Task prompt:
In the records below, begin at the line that has "ゲストティーチャーの方々に来" and stop after the line that has "Une fois le"; quote those lines verbatim and nothing more.

Data:
◇ ◇ ◇ ◇ ◇ ◇ ◇

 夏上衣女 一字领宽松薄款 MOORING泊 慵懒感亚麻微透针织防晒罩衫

◇ ◇ ◇ ◇ ◇ ◇ ◇

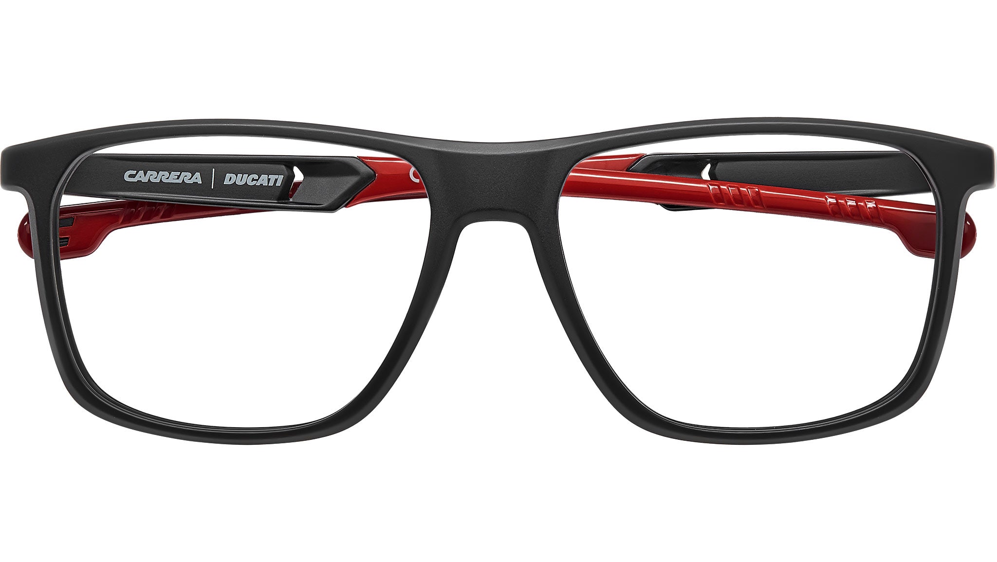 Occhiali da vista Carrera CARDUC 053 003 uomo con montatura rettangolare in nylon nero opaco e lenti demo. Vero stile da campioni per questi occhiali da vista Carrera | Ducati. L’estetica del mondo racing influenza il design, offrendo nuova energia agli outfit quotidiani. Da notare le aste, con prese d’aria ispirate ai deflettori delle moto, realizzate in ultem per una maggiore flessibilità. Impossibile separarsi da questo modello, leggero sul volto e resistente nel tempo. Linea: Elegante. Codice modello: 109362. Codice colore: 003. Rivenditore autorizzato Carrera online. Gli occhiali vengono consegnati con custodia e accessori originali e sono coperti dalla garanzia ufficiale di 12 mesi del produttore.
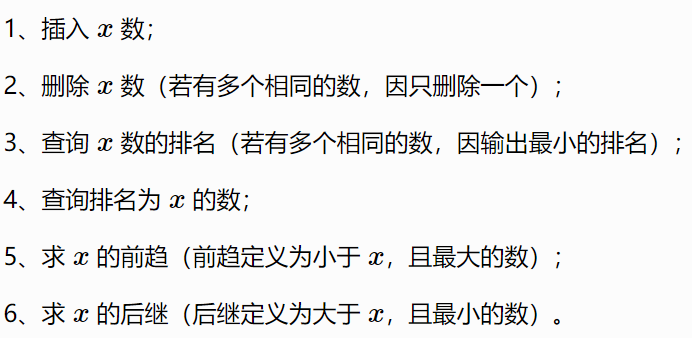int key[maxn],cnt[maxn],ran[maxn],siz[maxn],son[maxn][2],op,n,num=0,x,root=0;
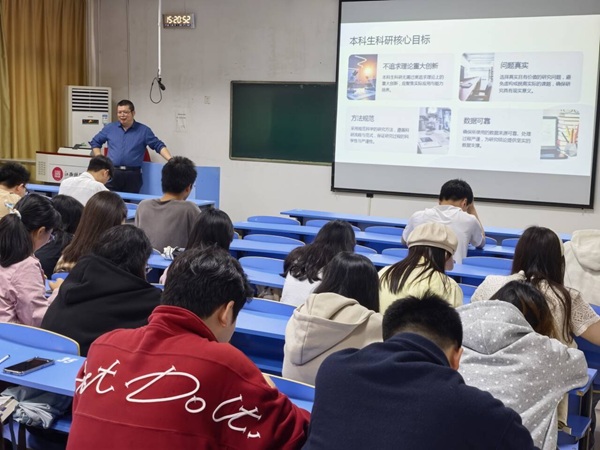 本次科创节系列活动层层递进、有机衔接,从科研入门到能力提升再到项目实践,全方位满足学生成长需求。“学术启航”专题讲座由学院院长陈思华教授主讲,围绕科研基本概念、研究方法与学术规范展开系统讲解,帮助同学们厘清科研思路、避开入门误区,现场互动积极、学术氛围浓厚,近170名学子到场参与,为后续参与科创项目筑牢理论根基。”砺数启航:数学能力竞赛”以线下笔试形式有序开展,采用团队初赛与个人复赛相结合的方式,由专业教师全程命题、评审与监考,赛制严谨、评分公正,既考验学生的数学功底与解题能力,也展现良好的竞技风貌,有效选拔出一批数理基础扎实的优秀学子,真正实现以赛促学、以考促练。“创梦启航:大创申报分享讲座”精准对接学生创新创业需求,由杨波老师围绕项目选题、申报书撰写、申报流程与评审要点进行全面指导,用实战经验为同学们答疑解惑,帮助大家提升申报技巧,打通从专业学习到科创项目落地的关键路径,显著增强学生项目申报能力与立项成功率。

◇ ◇ ◇ ◇ ◇ ◇ ◇

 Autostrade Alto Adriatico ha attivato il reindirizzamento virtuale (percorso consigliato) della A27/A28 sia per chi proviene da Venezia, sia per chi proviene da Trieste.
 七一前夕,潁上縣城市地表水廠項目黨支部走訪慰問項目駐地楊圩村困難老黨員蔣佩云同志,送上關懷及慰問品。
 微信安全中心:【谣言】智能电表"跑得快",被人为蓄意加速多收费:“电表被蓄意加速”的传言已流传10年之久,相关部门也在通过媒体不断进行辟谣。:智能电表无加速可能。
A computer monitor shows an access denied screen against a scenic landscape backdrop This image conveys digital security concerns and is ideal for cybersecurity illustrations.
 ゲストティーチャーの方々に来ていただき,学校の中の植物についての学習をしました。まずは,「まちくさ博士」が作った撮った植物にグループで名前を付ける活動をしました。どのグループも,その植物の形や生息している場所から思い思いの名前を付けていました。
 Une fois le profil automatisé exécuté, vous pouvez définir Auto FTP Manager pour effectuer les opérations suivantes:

◇ ◇ ◇ ◇ ◇ ◇ ◇

Exercise output:
 ゲストティーチャーの方々に来ていただき,学校の中の植物についての学習をしました。まずは,「まちくさ博士」が作った撮った植物にグループで名前を付ける活動をしました。どのグループも,その植物の形や生息している場所から思い思いの名前を付けていました。
 Une fois le profil automatisé exécuté, vous pouvez définir Auto FTP Manager pour effectuer les opérations suivantes:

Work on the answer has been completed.